Alright- let’s get to the acting. We see a lot of the same faces in Sport For Jove productions and no wonder- every play brings a new challenge and a chance to work with a creative team of such complex and rewarding vision must be very difficult to give up. I don’t think I’ve ever seen any of their plays where James Lugton’s characters aren’t slapped or killed so if he’s still there I can only presume it’s addictive. There aren’t any weak links in the chain of performers in this Shakespeare double-header but there are a few mentionable stand outs. Anthony Gooley as Orsino has terrific comic timing and expressiveness, Megan Drury as Olivia performs with such energy and passion, Robin Goldsworthy (Malvolio) captures arrogance with such malevolence  that he was both delightful and terrifying. I had students in the audience on Friday night who suffered the cutting blow of improvised dialogue from Goldsworthy and the young man in question will wear that as a badge of honour for the rest of his life. Mike Pigott as Sir Andrew Aguecheek, James Lugton as Sir Toby, Abigal Austin as Viola and Tyran Parke as Feste were all terrific and drove much of the play’s comedy.

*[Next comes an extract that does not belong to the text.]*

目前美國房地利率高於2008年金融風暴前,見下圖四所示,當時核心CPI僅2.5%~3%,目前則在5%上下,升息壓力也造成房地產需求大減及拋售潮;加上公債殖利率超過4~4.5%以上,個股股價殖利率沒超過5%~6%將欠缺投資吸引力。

In ‘All’s Well’, Robert Alexander took the small but significant role as the King of France and taught everyone how you can be a giant of the stage and hardly appear. Francesca Savige as Helena and Edmund Lembke-Hogan as Bertram were lovely to watch and George Banders as Parolles captured the braggart in excess and his subsequent humiliation like a lovable and redeemable version of Il Capitano. And let’s acknowledge the ensemble because they each completely commit with utter joy to every moment on stage.Terry Karabelas had maybe less than ten lines and yet his work as the priest was priceless. The ensemble are the colour in the palette that allow our protagonists and antagonists to emerge with detail and dimensions.

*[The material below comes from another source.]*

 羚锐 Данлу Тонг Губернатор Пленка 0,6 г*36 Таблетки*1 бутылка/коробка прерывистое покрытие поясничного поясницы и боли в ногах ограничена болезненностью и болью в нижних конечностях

Look, I could go on but I’m over a thousand words and this has already taken me hours to write because I keep reliving the golden moments of each show. If I keep going, this will take you just as long to read it as it would to see it. So see it. See them both. I really enjoyed ‘Twelfth Night’ but I loved ‘All’s Well That Ends Well’. It’s been a day since I saw it and it’s still taking up space in my thoughts- its images haunt me in a surreal, ethereal way. It crept under my skin and in the second half, time passed without me noticing. I don’t think I’d ever want to see anyone else’s version of it. Let it lie there as the only way I could imagine it should be done.

And that’s what Sport For Jove does. That's what Damien Ryan does. They show you Shakespeare and make it dance off the page in action and flavour and I want to taste every moment of it.